### EXERCISE DIRECTIONS
Ignoring the pictures, copy the data exactly.

═════ RECORDED DATA

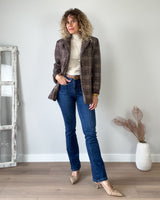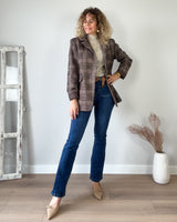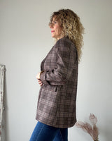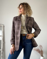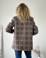 Blazer tostada en marrón de cuadros. Corte recto y bolsillos de plastón. Forro interior. No se arruga.
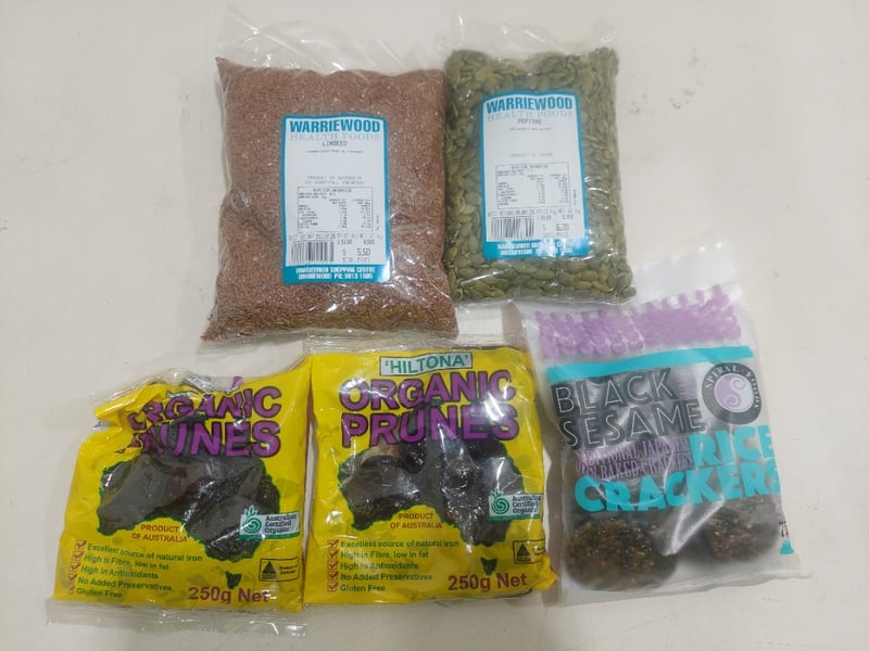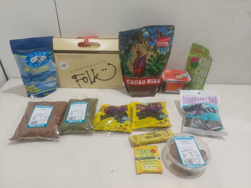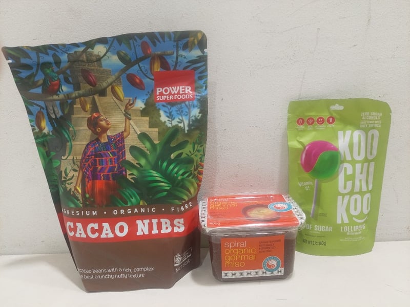 Assorted health and wellness pantry items, including: spiral organoc genmai miso, linseed and more.
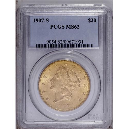 <B>1907-S<$20> MS62 PCGS.</B></I> Straw-gold surfaces display soft luster and sharply struck devices. Numerous scuffs and contact marks are especially noticed on the obverse.
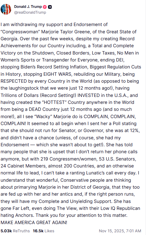 According to a Truth Social post late Friday, President Trump said tensions began when he advised Greene against running for Senate or governor, citing polls showing her support at 12%. He added that Greene grew upset after he stopped returning her calls.

══════════

### ANSWER TO THE PROBLEM
 Blazer tostada en marrón de cuadros. Corte recto y bolsillos de plastón. Forro interior. No se arruga.
 Assorted health and wellness pantry items, including: spiral organoc genmai miso, linseed and more.
 <B>1907-S<$20> MS62 PCGS.</B></I> Straw-gold surfaces display soft luster and sharply struck devices. Numerous scuffs and contact marks are especially noticed on the obverse.
 According to a Truth Social post late Friday, President Trump said tensions began when he advised Greene against running for Senate or governor, citing polls showing her support at 12%. He added that Greene grew upset after he stopped returning her calls.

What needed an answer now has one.